Le Sénat examine ce mardi 18 février une proposition de loi pour interdire tout signe religieux dans les compétitions sportives.
Actuellement, chaque fédération établit ses propres règles.
Le débat était revenu sur le devant de la scène avant la cérémonie d’ouverture des Jeux olympiques de Paris, l’été dernier, quand l’athlète française Sounkamba Sylla avait laissé éclater sa colère sur les réseaux sociaux. Sélectionnée pour le relais féminin 4×400 m, elle avait dû porter une casquette pour dissimuler son voile, à la demande de sa fédération. C’est pour éviter ce genre de situations que les Républicains (LR) ont déposé au Parlement une proposition de loi visant à interdire le « port de signes religieux ostensibles » dans les compétitions sportives. Les sénateurs en débattront ce mardi 18 février.
Les compétitions sportives sont un moment de représentation d’un club (…) et pas d’une appartenance politique ou religieuse
Les compétitions sportives sont un moment de représentation d’un club (…) et pas d’une appartenance politique ou religieuse
Michel Savin, sénateur LR de l’Isère
Dans le détail, le texte (nouvelle fenêtre) prévoit d’interdire à tous les sportifs, professionnels comme amateurs, de montrer par leur tenue leur appartenance à une religion. Toutes les compétitions organisées par les « fédérations sportives et les associations affiliées », aux échelons départementaux, régionaux et nationaux, seraient concernées. En juin, peu avant la dissolution, la Commission de la culture, de l’éducation, de la communication et du sport de l’Assemblée nationale avait élargi l’interdiction aux tenues « manifestant ostensiblement une appartenance politique ».

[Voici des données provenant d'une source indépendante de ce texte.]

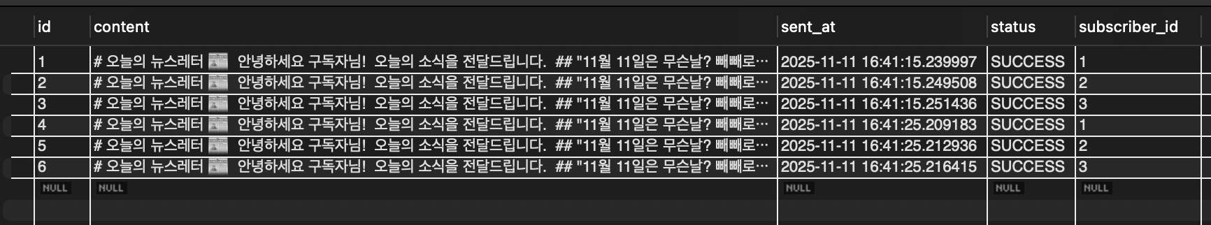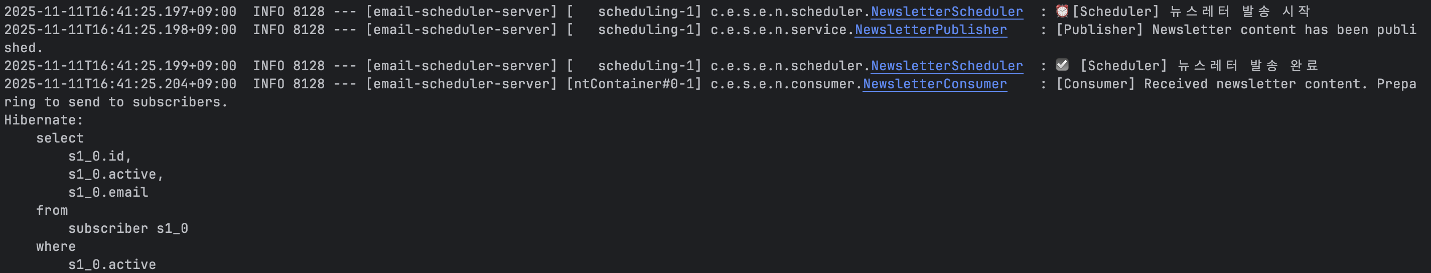 NewsletterScheduler: 10초마다 주기적으로 발행자(Publisher) 호출NewsletterPublisher: 뉴스레터 내용을 읽어RabbitMQ의 Fanout Exchange로 메시지 전송RabbitMQ: 발행된 메시지를 Queue에 안전하게 보관NewsletterConsumer: Queue에서 메시지를 수신Consumer: DB의 활성 구독자를 조회 ➔ 각 구독자에게 이메일 발송 ➔ 발송 성공/실패 결과를Message테이블에 기록

Le but de cette proposition de loi : mettre fin à un flou auquel font face les fédérations sportives. Actuellement, chacune peut décider de ses propres règles. Par exemple, le port du voile (nouvelle fenêtre) est autorisé pour les handballeuses, les judokates ou encore les joueuses de tennis. En revanche, les instances du rugby et du volley ont, elles, interdit les signes religieux. Début février, Michel Savin, le sénateur de l’Isère à l’origine de cette proposition, jugeait primordial, sur Public Sénat (nouvelle fenêtre), que toutes les fédérations soient soumises au même régime : « Pour nous, ce texte est nécessaire pour donner un cadre et permettre aux fédérations et à l’ensemble des pratiquants, quelle que soit leur obédience religieuse ou politique, de pouvoir pratiquer un sport. »
Dans « Bonjour ! La Matinale TF1 », l’élu assure ce mardi que cela concerne « toutes les religions » car « les compétitions sportives sont un moment de représentation d’un club, d’une ville, d’un territoire et pas d’une appartenance politique, religieuse ou syndicale donc il faut sanctuariser ce moment ».
Une harmonisation « souhaitée par beaucoup de fédérations »
Cette harmonisation est « souhaitée par beaucoup de fédérations », plaide à l’AFP une source au sein du mouvement olympique français. Le monde du sport est resté marqué par les polémiques nées avec le collectif des Hijabeuses qui revendiquait le droit de porter le voile lors des matchs de foot. En 2023, le Conseil d’État leur avait finalement donné tort, malgré un avis contraire du rapporteur.
Mais certains craignent que cela empêche certaines femmes de pratiquer une activité physique dans un club. C’est ce qu’a dénoncé sur Franceinfo (nouvelle fenêtre) Béatrice Barbusse, sociologue mais aussi vice-présidente de la Fédération française de handball : « Ce sont des conséquences désastreuses sur ces femmes : perte de confiance, déclassement, de la colère. Donc, on est en train d’exclure des femmes parce qu’autour, il y a des gens qui ne l’acceptent pas en tant qu’arbitre, en tant que dirigeant, en tant qu’entraîneur, en tant que simple spectateur. »
Aucune étude ne permet cependant de savoir combien de personnes cette réforme toucherait. Un rapport (nouvelle fenêtre) de l’Institut des hautes études du ministère de l’Intérieur (Ihemi) de mars 2022, révèle que les données collectées « échouent à montrer un phénomène structurel ni même significatif de radicalisation ou de communautarisme dans le sport ».
Les associations ne respectant pas ce principe de neutralité et de laïcité pourraient voir leur agrément suspendu par la préfecture. Enfin, la proposition de loi des Républicains, que le gouvernement devrait soutenir, invite à interdire l’utilisation d’équipements sportifs à des fins religieuses, comme pour des prières collectives dans des gymnases. Dans les prochains mois, ce sera à l’Assemblée nationale de se prononcer sur ce texte.